A few days ago I saw a drawing made by the son of a friend who lives in Mexico City after the second earthquake to hit the city this year. I was impressed for two reasons–first, how the child conveyed the closeness to his mother at the time of the tremor and how they were leaving their house with his belongings (toys); and second, how he managed to depict the shaking of the structure. Luckily, he was safe. But the 7.1 magnitude quake that struck that Sept. 19 took the lives of 37 other children who perished when their schools collapsed.
If there ever was a year when we watched and experienced natural disasters from real close in Latin America and the Caribbean, it was this one–floods and mudslides in Peru and Colombia, hurricane events Harvey, Irma and Maria lashing most nations in the Caribbean and Central America, and the latest quakes in Mexico, which left more than 350 dead and 2.3 million-plus affected in their trail.

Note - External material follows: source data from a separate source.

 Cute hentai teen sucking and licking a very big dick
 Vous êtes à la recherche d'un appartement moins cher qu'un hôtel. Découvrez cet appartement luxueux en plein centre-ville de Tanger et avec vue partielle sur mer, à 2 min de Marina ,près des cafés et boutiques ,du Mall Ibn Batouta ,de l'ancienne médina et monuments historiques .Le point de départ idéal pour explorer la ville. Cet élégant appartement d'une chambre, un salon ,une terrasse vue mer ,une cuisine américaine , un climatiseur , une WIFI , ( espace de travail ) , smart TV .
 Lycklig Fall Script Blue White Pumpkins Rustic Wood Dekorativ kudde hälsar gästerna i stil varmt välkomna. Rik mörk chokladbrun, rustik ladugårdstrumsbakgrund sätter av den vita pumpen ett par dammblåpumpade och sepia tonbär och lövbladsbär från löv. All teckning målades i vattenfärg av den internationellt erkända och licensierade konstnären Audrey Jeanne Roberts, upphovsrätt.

When such events strike we tend to focus on the fatalities, because each life is priceless and irrecoverable and their loss has a strong impact on all of us. However, as time goes by, future generations tend to forget the consequences and impacts of past events and to pay scant attention to steps aimed at preventing and mitigating the magnitude of such threats.

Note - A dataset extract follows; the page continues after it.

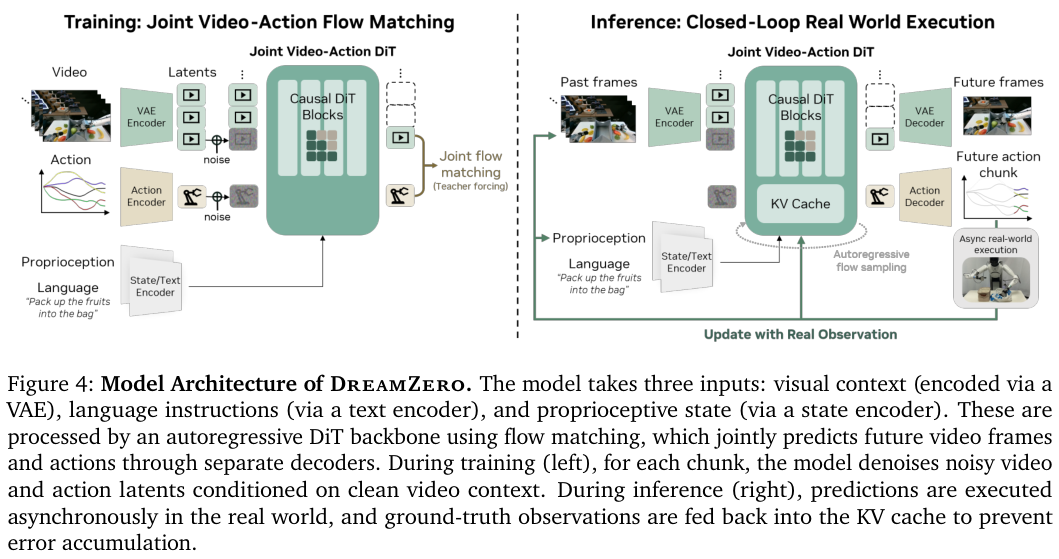 DreamZero 改变了这种范式。它建立在 Wan2.1 这一强大的视频扩散模型基础之上。

In Mexico, besides the enormous number of victims, there also was considerable collateral damage on infrastructure, with 153,000 constructions affected, of which at least 24,000 were destroyed and 46,000 badly damaged and rendered uninhabitable. This damage included schools, hospitals and other infrastructure that is critical for the population.
Hurricane Harvey has also had a strong environmental impact due to the concentration of chemical plants in the affected areas. Substances from such facilities caused two explosions at the Arkema chemical plant in Crosby, Texas, while the stagnant water turned into chemical sludge posing a health hazard to adjacent communities.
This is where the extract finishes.